News that thousands of pink plastic bottles, apparently full of stain remover, have washed up on Cornish beaches is disconcerting (http://www.bbc.co.uk/news/uk-england-cornwall-35241869). Not only are the pink plastic containers very slow to degrade but the contents of the bottles could have a devastating effect on marine life. And we used to think that only mass oil release was a serious problem!
Tuesday, 5 January 2016
Sunday, 3 January 2016
I am not certain what to make of the move to use celebrity endorsement to encourage 50,000 people to sign up for a month free of meat, fish and dairy products (http://www.theguardian.com/lifeandstyle/2016/jan/03/veganuary-stars-sign-up-animal-free-month).

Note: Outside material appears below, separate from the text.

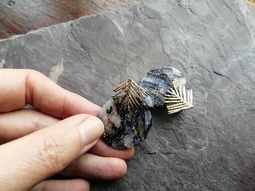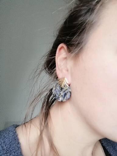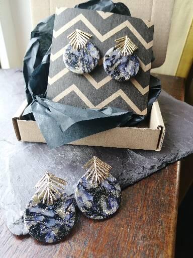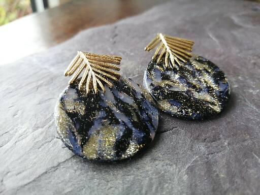 I make these sparkly glam earrings to order. I use lightweight polymer clay to create a marble effect and attach the clay onto a gold-plated hypoallergenic brass fern shaped earring post. The marble effect pattern will be unique to every single earring.

It is certainly the case that we (in the UK) tend to eat too much animal-generated protein (as well as tending to gain too much weight) and could benefit health-wise by increasing the proportion of fruit and vegetables that we consume. It is also true that some of the techniques used to produce animal protein can involve questionable animal welfare (as well as generating lots of methane). Having said this, I don't really favour using celebrities to get people to change their habits (some celebrity life-style habits are much less acceptable than that proposed here). Humans (in their dentition and digestive systems) are, however, clearly omnivores (and many of their pets, carnivores) so complete veganism seems to have potential pit-falls. Also choosing what we get to eat is not a luxury that all people have. Is the message likely to be 'I'm much kinder to animals than thou'? What happens after the month?